The Warlord Era (simplified Chinese: 军阀时代; traditional Chinese: 軍閥時代; pinyin: Jūnfá shídài, 1916–1928) was a period in the history of the Republic of China when the control of the country was divided among former military cliques of the Beiyang Army and other regional factions, which was spread across in the mainland regions of Sichuan, Shanxi, Qinghai, Ningxia, Guangdong, Guangxi, Gansu, Yunnan, and Xinjiang. In historiography, the era began when Yuan Shikai died in 1916, and lasted until 1928 when the Nationalist Kuomintang (KMT) officially unified China through the Northern Expedition, marking the beginning of the Nanjing decade.

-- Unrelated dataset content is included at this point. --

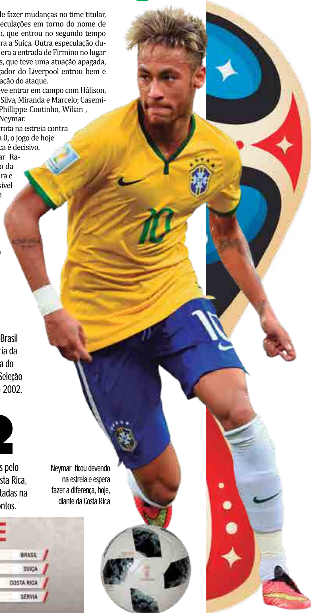
Neymar ficou devendo na estreia e espera fazer a diferença, hoje, diante da Costa Rica

O técnico Óscar Ramírez viu o jogo da Seleção Brasileira e acha que é possível explorar bem algumas falhas do time brasileiro. Ele não pretende mudar o esquema, nem a equipe titular.

Several of the warlords continued to maintain their influence through the 1930s and the 1940s, which was problematic for the Nationalist government during both the Second Sino-Japanese War and the Chinese Civil War.

This era was characterized by constant military conflicts between different factions, and the largest conflict was the Central Plains War which involved more than one million soldiers.

The historian Arthur Waldron shows that "warlord" is neither a Chinese word nor a Chinese concept. The Chinese term for "warlord" is junfa (軍閥), which was taken from the Japanese.

The origins of the armies and leaders which dominated politics after 1912 lay in the military reforms of the late Qing dynasty. These reforms did not establish a national army; instead, they mobilized regional armies and militias that had neither standardization nor consistency. During the later phase of the Taiping Rebellion (1850–64), provincial governors were allowed to raise their own armies to fight against the rebels; these forces were not disbanded even after the rebellion was over. The most powerful regional army was the northern-based Beiyang Army under Yuan Shikai, which received the best in training and modern weaponry. Officers were loyal to their superiors and formed cliques based upon their place of origins and background. Units were composed of men from the same province. This policy was meant to reduce dialectal miscommunication, but had the unfortunate side effect of encouraging regionalistic tendencies.